Semantic Mapping and Graph Construction

Once the final ATT&CK technique prediction has been generated, the next step is to construct a semantic graph that connects techniques across adjacent phases of the CKC. The goal is to simulate how an attacker might logically transition from one phase to the next.

Each attack description is converted into a vector embedding using ATTACK-BERT to capture semantic meaning. For any two techniques v_i from phase t and v_j from phase t + 1, we compute how similar they are using cosine similarity (how close the vector embeddings are in the vector embedding space). The resulting computation is a result where -1 <= result <= 1. 1 being perfectly similar and -1 being completely opposite. In this case, values closer to 1 indicate that the techniques are semantically similar and might represent a logical transition in an attacker’s plan.

To build the graph, a minimum threshold is set on result. If the similarity between two techniques across adjacent phases is greater than or equal to the threshold, we draw a directed edge from the earlier-phase technique t to the later-phase technique t + 1.

This semantic mapping helps model an attacker’s potential attack flow in accordance with the CKC, providing a structured view of predicted attacker behavior and aiding in proactive cyber defense.

Results

The researchers tested these five models (LightGBM, Transformer, BERT, GNN, and the ensemble strategy) across the seven CKC phases using the following metrics:

Accuracy
Precision
Recall
F1-score

The results were as follows:

Ensemble Strategy 🏆
GNN
LGBM
BERT
Transformer

Overall, the ensemble strategy performed best. It’s important to note that its improvement over the GNN is small (0.03% - 0.20% gains) but significant given the already high baseline performance, where all F1-scores exceeded 97%.

For example, in the Delivery phase, the GNN achieves an F1-score of 99.28%, with the ensemble improving this to 99.31%, corresponding to a 0.03% increase. While in the Exploitation phase, the F1-score rises from 97.67% to 97.87% (a 0.2% gain). In the Installation phase, from 98.70% to 98.83% (a 0.13% gain). These improvements occur consistently across all phases, confirming that the ensemble provides incremental gains even when the GNN already performs near optimally.

GNN remains the strongest individual model, consistently outperforming LGBM, Transformer, and BERT across all metrics and phases.

LGBM generally ranks second, particularly in phases with clearer feature separability, while BERT performs better than Transformer due to its contextual semantic modeling, which is particularly beneficial in phases such as Exploitation and Delivery.
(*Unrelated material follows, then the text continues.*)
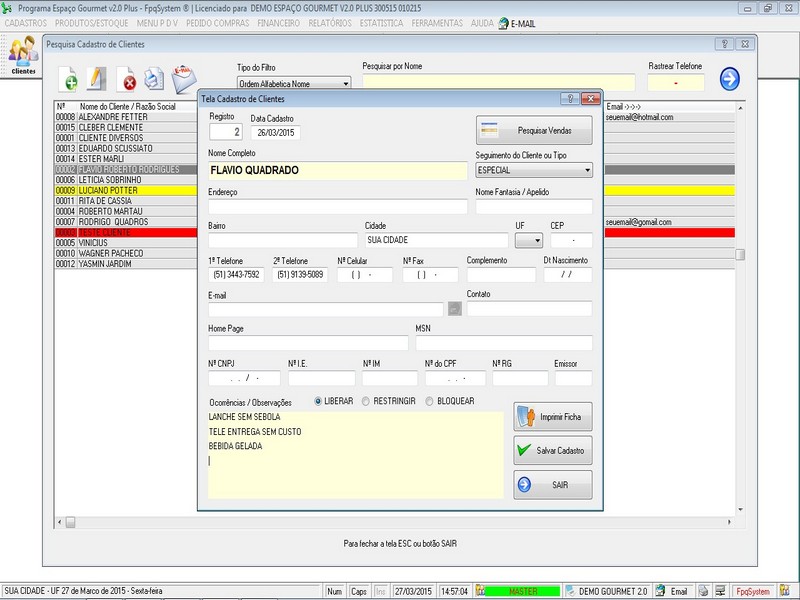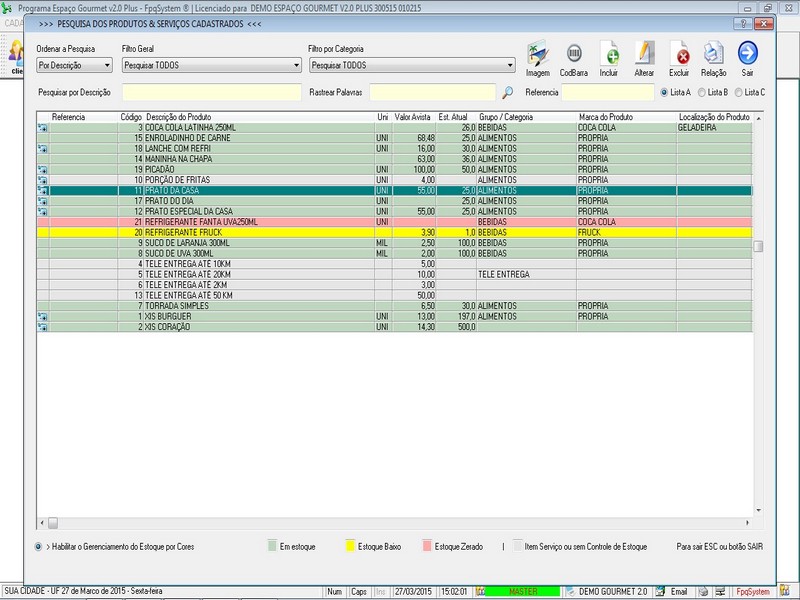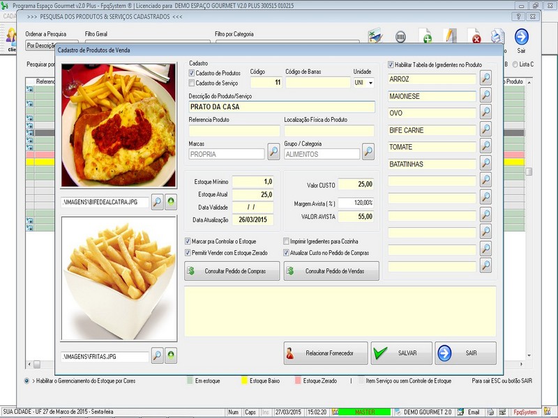 Controle de Estoque / Mesas / Espaço Gourmet / Clientes + Foto dos Clientes / Fornecedores / Vendedores / Relatório de Vendas / Pedido Cupom / Pedido Cozinha / Aniversariantes / Personalizar Fundo de Tela / Personalizar Logomarca + Acesso por nivel de usuario  + Compras + Financeiro + Foto nos Produtos + Reajuste de Preços em bloco + Recibo de Pagamento

The Transformer model remains the weakest across all phases, with accuracies ranging from 55.56% in Delivery to 86.81% in Actions on Objectives, suggesting that self-attention architectures without domain-specific adaptation may underperform in this task.

The results indicate that while the GNN remains the most effective standalone classifier, the integration of multiple heterogeneous learners in a weighted soft voting framework produces a consistent performance uplift leading to fewer false positives and false negatives.

Conclusion

The researchers recognize that the ensemble model does require increased computational complexity and inference time due to the need for predictions from multiple models. However, the performance gains validate the effectiveness of their multi-model approach. Their future work will focus on real-world validation through live threat intelligence integration and deployment within automated SOC pipelines.

The ability to map and predict adversarial behavior is an essential building block for building truly effective defenses. In the meantime, these kinds of systems can help defenders visualize and contextualize adversarial activity into familiar frameworks - granting increased situational awareness and the ability to proactively take defensive measures.